* [Data for the task]:
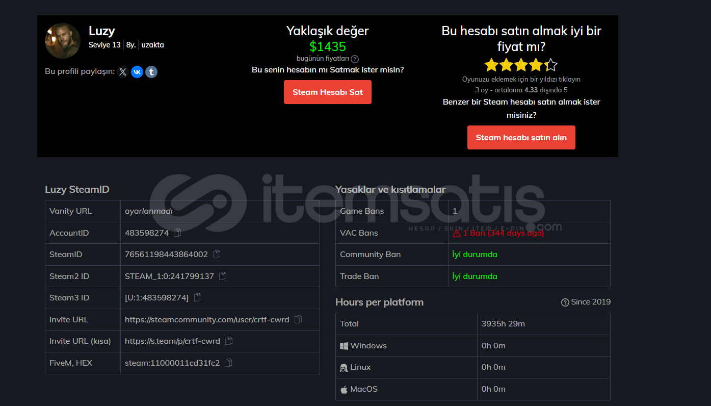 13 Level 12 Rozet 12bin kullanılabilir puan mevcut 2 farklı oyunda ban mevcut CSGO ve Scum Easy antichat banı mevcut Evlilik aşamasında olduğum için acil satılıktır... :)
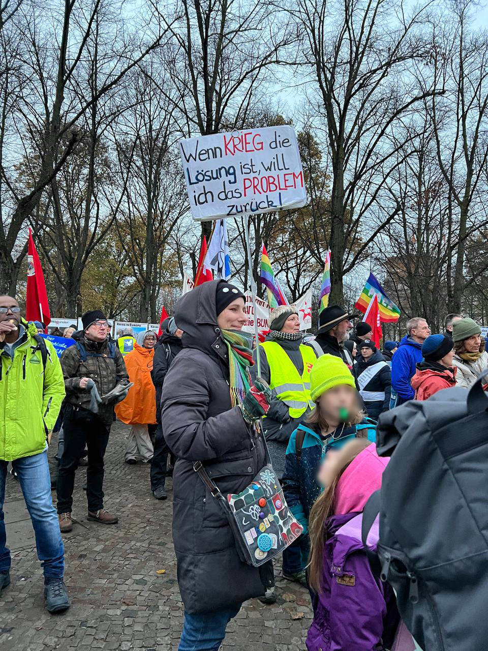 Es überraschte mich, dass es am Samstag im Vergleich zum Februar dieses Jahres unter den Teilnehmern keinerlei Berührungsängste zu geben schien: verschiedene Friedensbündnisse u.a. aus München ‚Macht-Frieden’, Kassel, Osnabrück, Bremen, türkisch-deutschen Gruppierungen, Palästinenser, verschiedene Gewerkschaften, Aktivisten von ‚Free Assange‘ uvm. demonstrieren Seit’ an Seit’. Und vor allem die vielen tausend Einzelaktivisten und -aktivistinnen, die unermüdlich wohl nicht das erste Mal gegen Krieg auf die Straße gingen. Beeindruckend die Energie und Ausdauer, die Fantasie bei der Gestaltung der Schilder:
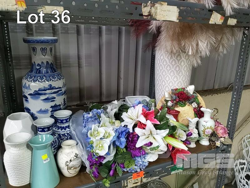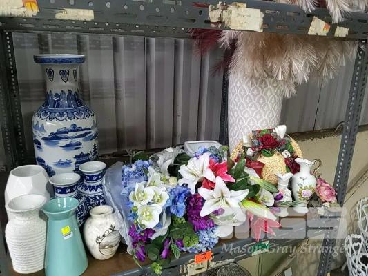 FLOOR VASES, VASES AND FAUX FLORAL BOUQUETS.
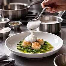 Prepare the syrup: peel the ginger thinly and cut it into thin slices (about 20 g). In a small saucepan, combine 100 g of sugar and 120 ml of water. Add the ginger slices and sprinkle in 0.05 g of saffron (a few threads). Bring to a gentle boil over medium heat, stirring with a wooden spoon, until the sugar completely dissolves (this will take about 3-4 minutes). Reduce the heat to low and simmer for 4-6 minutes to allow the ginger to release its flavor; the syrup should take on a golden color. Remove from heat and let cool for 15 minutes, then strain through a fine sieve into a glass bowl - the sieve will catch the pieces of ginger and saffron threads.
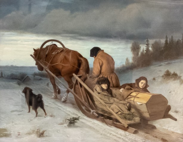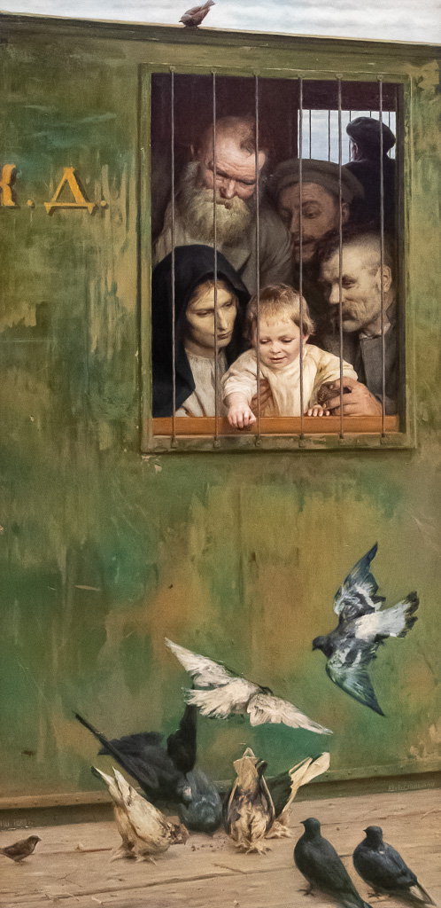 This work titled “There is Life Everywhere” by Nikolai Yaroshenko was yet another image that I liked a lot. I quote from the description provided by the museum: “ The topic of social contradictions was one of the most important for Yaroshenko. This painting was inspired by Leo Tolstoy’s story What Men Live By. The artist originally planned to title his work as Where There Is Love, There Is God. Prisoners have huddled up together at the window of a convict car to feed pigeons. The painting’s idea was to show humanity maintained in inhuman conditions. The central group reminds the Holy Family. Like many other Wanderers, Yaroshenko used parallels with the Gospel to enhance the social resonance of his canvas. “This speaks so much to the heart,” said Leo Tolstoy about this painting.”
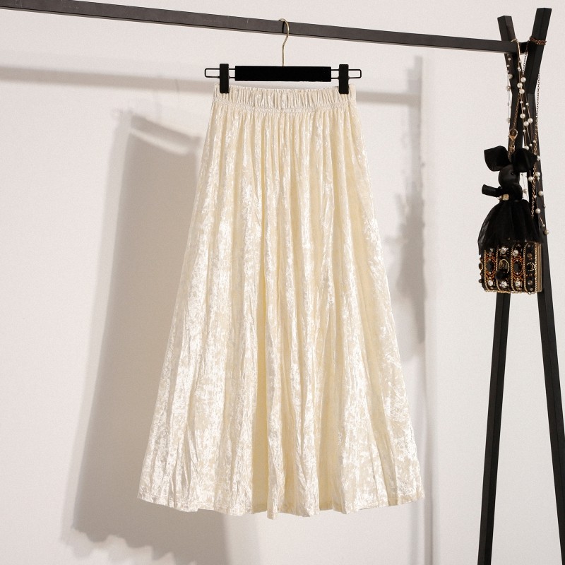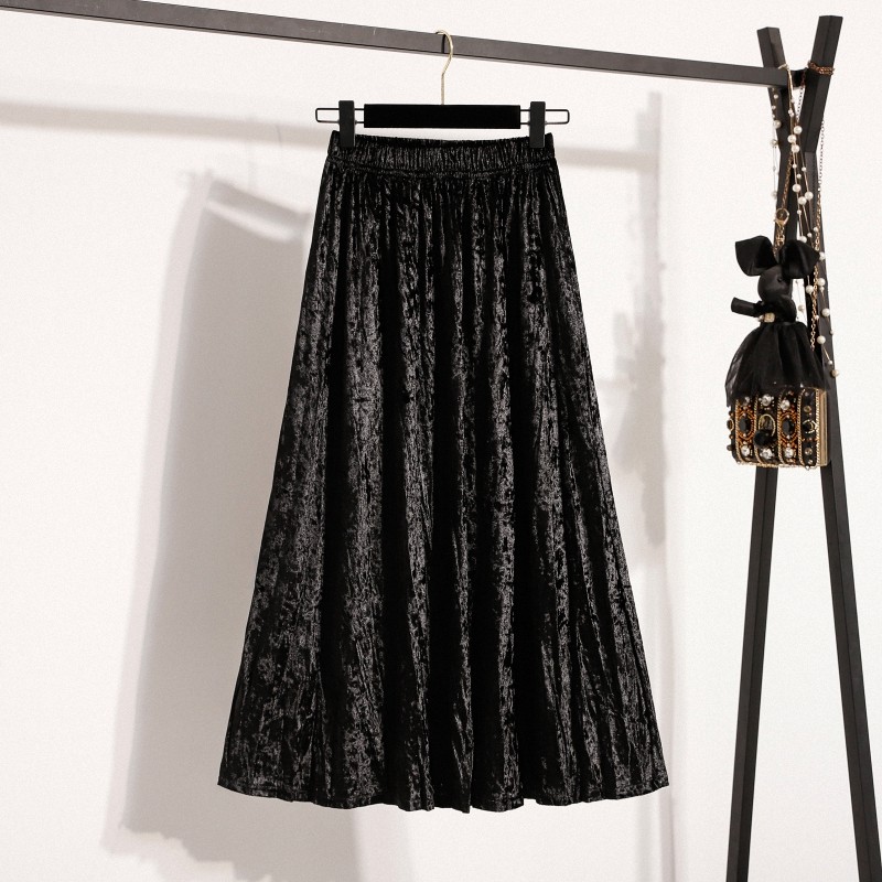 秋冬女装批新款发气质高腰大码显瘦A字裙中长款褶皱金丝绒半身裙
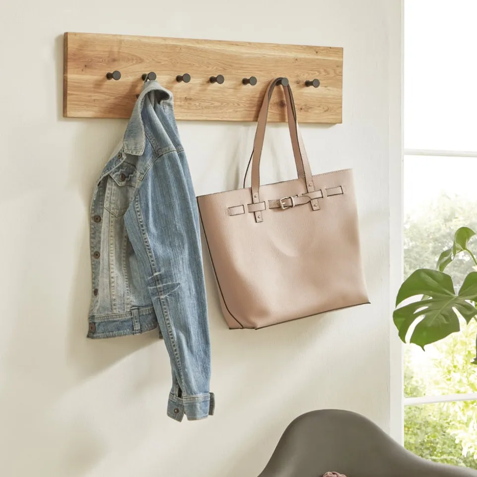 Massive Eiche trifft auf modernes Design: Die Hakenleiste Torino von Carry Home ist nicht nur funktional, sondern auch ein echter Hingucker in deinem Eingangsbereich. Hergestellt aus hochwertigem, massivem Eichenholz, bietet sie dir eine stabile und stilvolle Lösung für Jacken, Taschen und mehr. Die natürliche Holzstruktur verleiht jedem Raum Wärme und Charakter, während die klaren Linien und das schlichte Design zeitlose Eleganz ausstrahlen. Mit der Hakenleiste Torino bringst du Ordnung und Stil in dein Zuhause. Egal, ob im Flur oder im Schlafzimmer – sie passt sich nahtlos jedem Ambiente an.
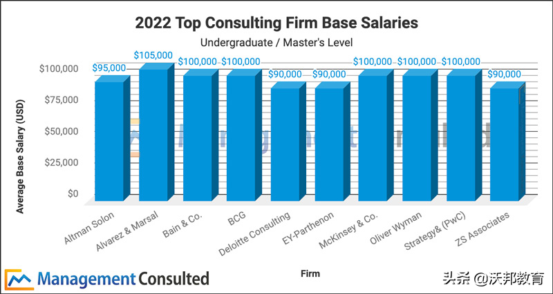 咨询企业起薪同样达到六位数。多数知名管理咨询公司的应届生入职底薪就达到了10万美元。
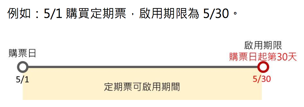 A:定期票自購買當日起 30 日內必須啟用,逾期未啟用,定期票即失效,持卡人可至臺北捷運車站詢問處申請辦理退票(須加收退票手續費)。
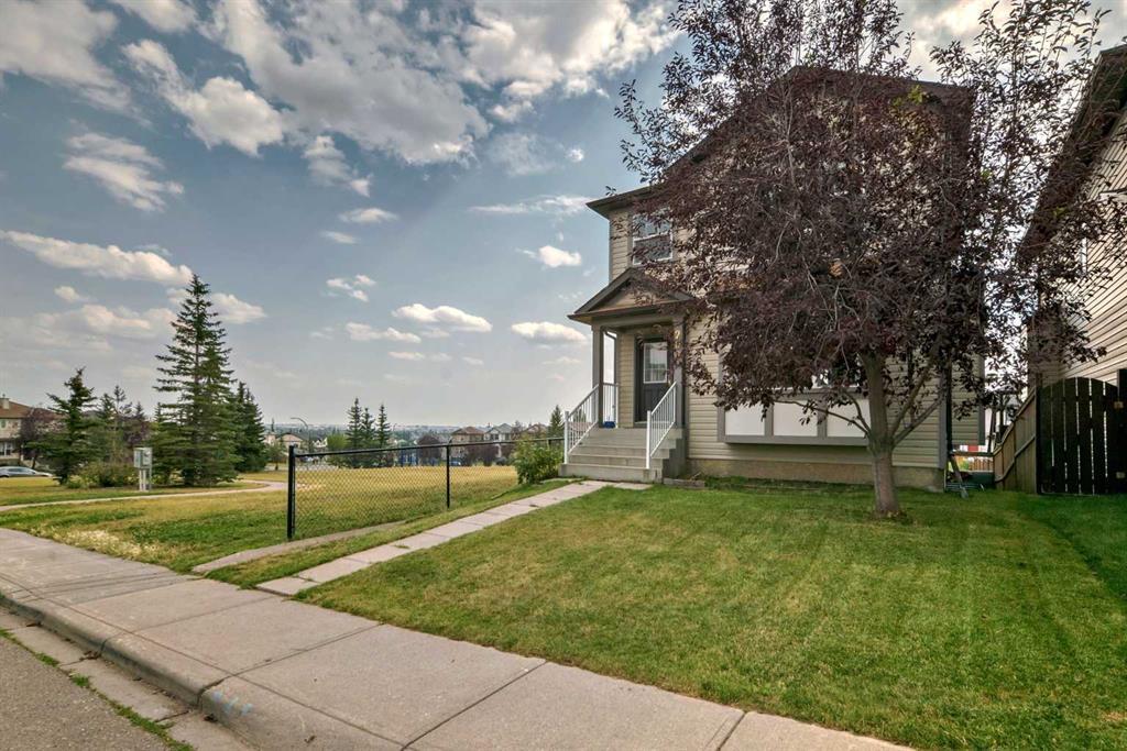 Welcome to this fabulous location with City View and right next to the park WALK-OUT basement home. Convenitly drive to shopping centers, schools, VIVO, Parks and access to Stoney Trail within a few minutes. WALKING distance to playground, bus stop and SCHOOL. This beautiful home has 3 bedroom with 2.5 bathroom above grade and finished basement with 1 ensuite bedroom(3P Bathroom) and family room. Fully renovated in 2018, with beautiful wide engineered hardwood and Vinyl floor. Newly replaced appliance in 2018 include Stove, Fridge, Washer and Dryer(Main Level) and water softer system. Water tank replaced in 2020 and basement was finished in 2022, providing plenty of spae for family or guests. South facing backyard with RV parking! Huge deck with stairs. Don't miss the opportunity to make this house your dream home.

* [Work request]:
Reproduce exactly the lines of the data above that run from the line with "FLOOR VASES, VASES AND FAUX FLORAL BOUQUETS." down to the line with "Prepare the syrup: peel", both ends included. Pictures do not belong in the copy.

* [Answer to the exercise]:
 FLOOR VASES, VASES AND FAUX FLORAL BOUQUETS.
 Prepare the syrup: peel the ginger thinly and cut it into thin slices (about 20 g). In a small saucepan, combine 100 g of sugar and 120 ml of water. Add the ginger slices and sprinkle in 0.05 g of saffron (a few threads). Bring to a gentle boil over medium heat, stirring with a wooden spoon, until the sugar completely dissolves (this will take about 3-4 minutes). Reduce the heat to low and simmer for 4-6 minutes to allow the ginger to release its flavor; the syrup should take on a golden color. Remove from heat and let cool for 15 minutes, then strain through a fine sieve into a glass bowl - the sieve will catch the pieces of ginger and saffron threads.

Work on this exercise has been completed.